Stories in the same category
Points of view
hey, sounds like you're really going through it. but i gotta say, you might be overthinking, ya know? 🤷♂️ love ain't supposed to be all calm and secure, but it shouldn't feel like a horror movie either; maybe you're creating stress that isn’t even there. have you thought about talking to your partner about all these feelings? it might take a lot off your chest. also, remember "don't worry, be happy"? sometimes it's just about letting go and enjoying the moment; why do you think you can't chill and just be in the now?
hey there, sounds like you're having a rough time with those feelings. honestly seems a bit intense to always feel like you're gonna lose him; i mean, everyone gets that fear sometimes but not constantly. one time i used to worry all the time about losing people but learned it was mostly all in my head 😅 maybe try focusing on what’s real and rest will sorta fall into place. communication could help too, he might surprise ya with his understanding; ever try just talking it out?

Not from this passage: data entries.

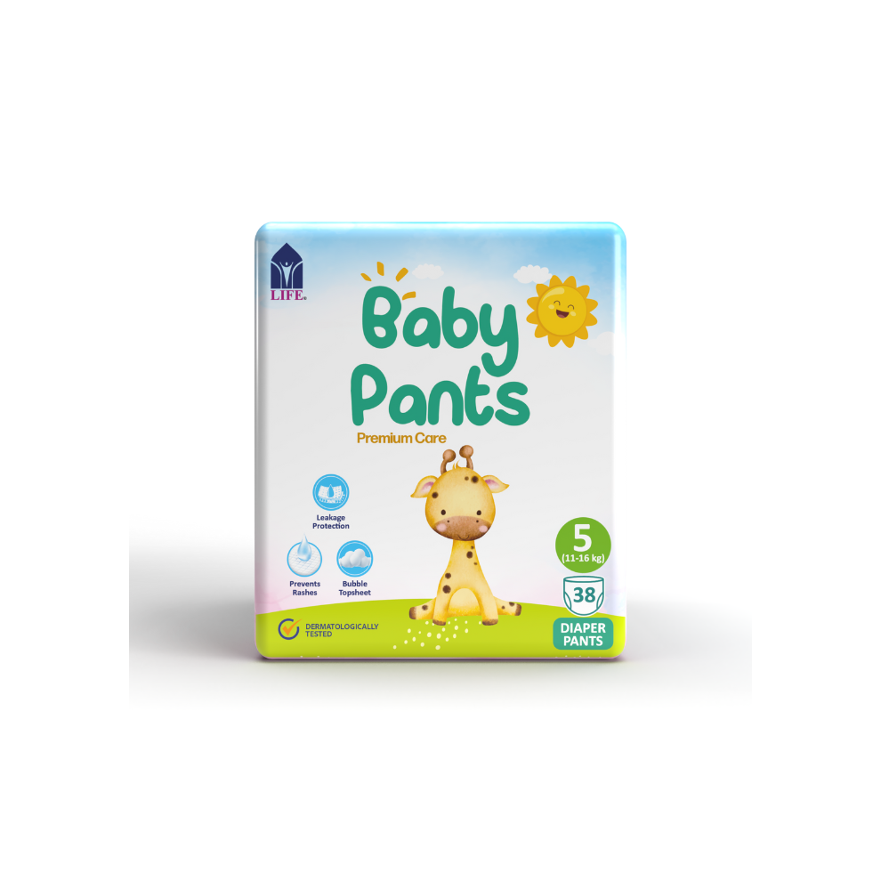 Life Baby Diaper Pants Size 5 Extra Large (11-16kg) 38's Easy-to-Wear, Soft & Absorbent Pull-Up Nappies for Day & Night Protection
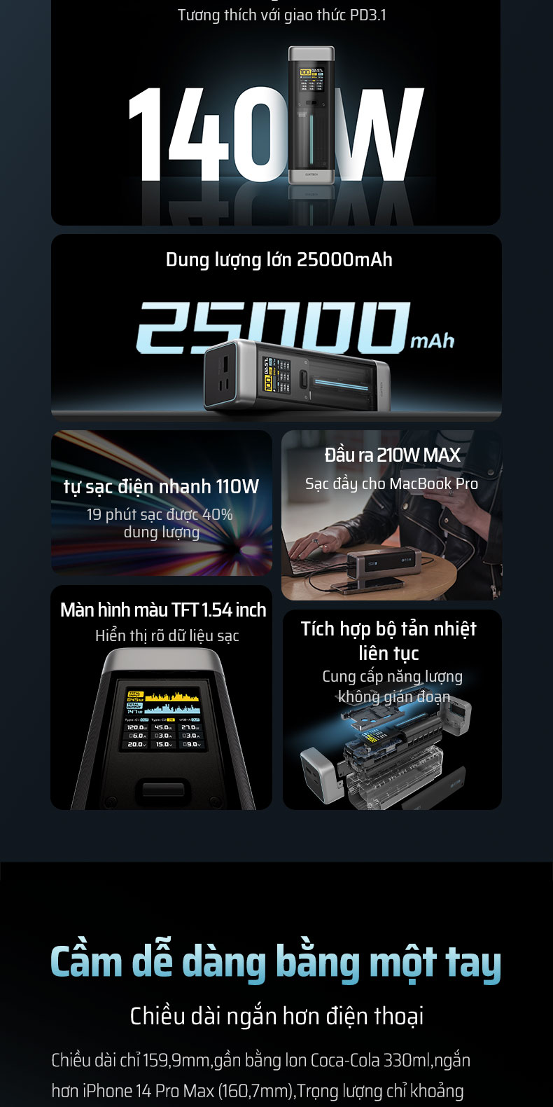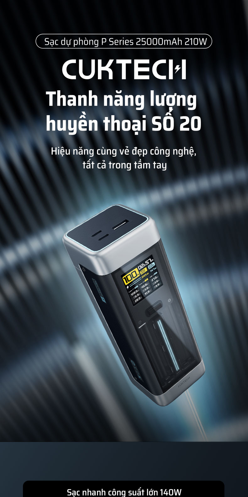CUKTECH P23 là Pin Sạc Dự Phòng 25000mAh 210W một trong những sản phẩm cao cấp được thiết kế dành riêng cho người dùng cần nguồn năng lượng lớn và ổn định. Với dung lượng 25.000mAh, công suất sạc tối đa 210W cùng khả năng hỗ trợ chuẩn sạc nhanh PD 3.1 hiện đại, sản phẩm không chỉ đáp ứng nhu cầu sạc điện thoại mà còn tối ưu cho các thiết bị yêu cầu công suất cao như laptop, đặc biệt là MacBook Pro.
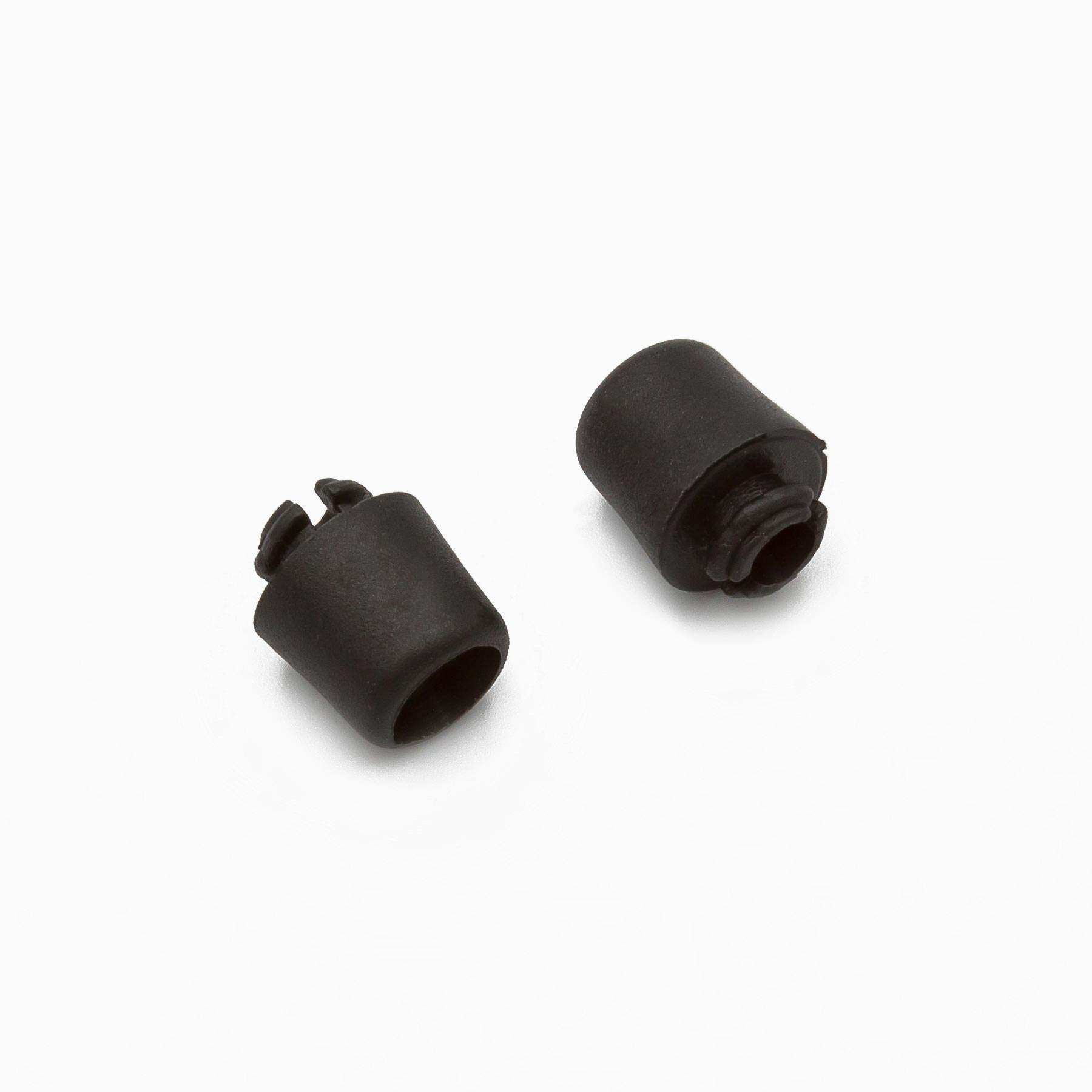 Cord End, Plastic material, 10.6 X 8.5mm, Black color. With hole 3mm.

It seems you're experiencing a significant amount of anxiety regarding your relationship. While it's understandable to feel concerned about losing someone you love, constantly anticipating disaster can be emotionally exhausting; I experienced something similar in my life. However, once I began focusing on the present and communicated openly with my partner, it eased my mind significantly. Consider discussing your feelings with your partner, as transparency can foster understanding and strengthen your bond. Isn't it worth exploring a more balanced perspective to achieve peace of mind?
wow, i totally get what you're saying. love can really feel like a ticking time bomb sometimes. it’s like you're always on high alert for that plot twist that wrecks everything 🧨. been there myself, worrying about losing someone before it even happens is exhausting. why is it that no one talks about this side of love? i think we all feel the same way but are just scared to admit it. think you should tell him how you're feeling or keep it to yourself?